The fact that there has been a decline in the number of successful bar examinees for the past years does not justify making entry into the legal profession easier. It’s not as if lawyers are such an endangered species in the Philippines that “conservation” measures should be implemented to ensure their continued existence.
To date, there about 60 law schools all over the country that offer legal education to thousands of Filipinos who think the legal profession is the gateway to financial affluence, or politics, which is also another lucrative source of money.
Looking at the number of students in law schools and the number of bar examinees every year, one will find it obvious that there will be no dearth of lawyers in our country for a long, long time. There is in fact a standing joke that if half of the Filipino lawyers were exported to other countries, the Philippines would enjoy a healthy balance of payments!
Quality, not quantity, should be the principal criterion in determining who should and should not be allowed to practice law in our country.
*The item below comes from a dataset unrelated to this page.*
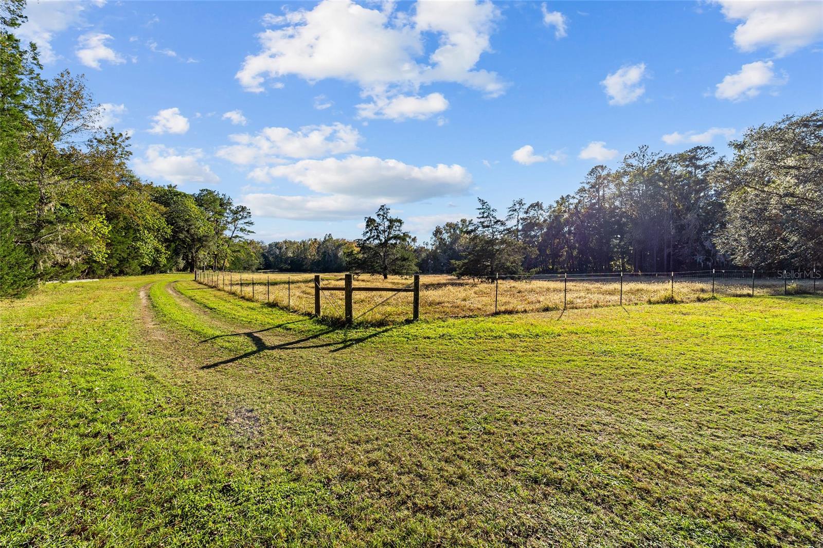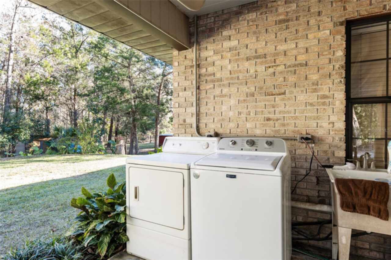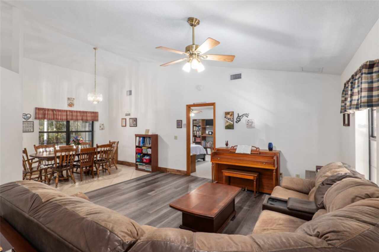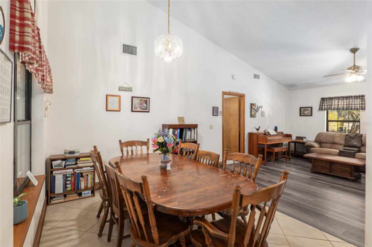 Discover this custom-built four-bedroom, three-bath estate ideally positioned across the street from the Santos Trailhead and just 15 minutes from downtown Ocala or 16 miles from the World Equestrian Center. Zoned A-1 with no HOA and powered entry gates, this remarkable property offers the ultimate combination of privacy, functionality and opportunity. Constructed with solid block, brick veneer and an architectural metal roof, the home exudes both durability and timeless charm. A spacious front porch welcomes you to relax and take in the tranquil, tree-lined surroundings. Inside, an open floor plan with a triple-split layout provides ideal privacy and flow. Vaulted ceilings and new luxury vinyl plank flooring enhance the inviting living and family rooms. The chef’s kitchen features abundant solid wood cabinetry, and a large island with breakfast bar. The primary suite includes dual walk-in closets and a spa-style bath with floor-to-ceiling tiled shower, private water closet with urinal, linen closet and dual-sink vanity. Three additional guest bedrooms offer ample space, including one with an adjoining office and direct access to a full bath and back porch, ideal for guests or multigenerational living. Additional highlights include a mudroom with washer/dryer hookups, a rear porch with commercial ice maker, gray-water washer/dryer hookups, and a covered carport. Outdoors, this property shines as a homesteader or equestrian’s dream, featuring a chicken coop, tractor shed with 6x6 treated poles and metal roof, and an irrigated garden area. A 20-foot-deep root cellar provides exceptional long-term storage for agricultural use or emergency preparedness. This is more than a home, it’s a lifestyle estate offering endless possibilities for recreation, income potential and self-sustainability.

The argument that entry to the Philippine bar should be made less cumbersome to compensate for the time, money and effort spent by the students and their parents in eight years of education is feeble.
The decision to enroll in a law school is personal. When one decides to embark on a career in law, he or she knows the risks that go with choosing that path rather than any other profession. If, after eight or more years of study, he or she fails to meet the minimum passing grade for one reason or another, that’s just too bad. That’s how the cookie crumbles in the game called life.
The solution to the declining passing rate of bar examinees is not to lower the passing grade but to improve the system of legal education.
Unlike colleges that offer various professional courses which are under the supervision of the Commission on Higher Education, law schools are supervised by a Legal Education Board, an attached agency of the Department of Education. The five-person board is headed by a former justice of the Supreme Court or the Court of Appeals; the rest, except for the student representative, are all lawyers.
Since admission to the practice of law in the country is regulated by the high court, it has a big say or influence in the manner by which law schools should conduct their academic affairs.
This gives it the opportunity to take the appropriate steps to make sure law students are provided the proper skills and training that will, at the minimum, enable them to get the 75-percent grade needed to pass the bar examinations.
Strategic academic preparation, not legal shortcuts, would address the problem of the poor showing of the examinees.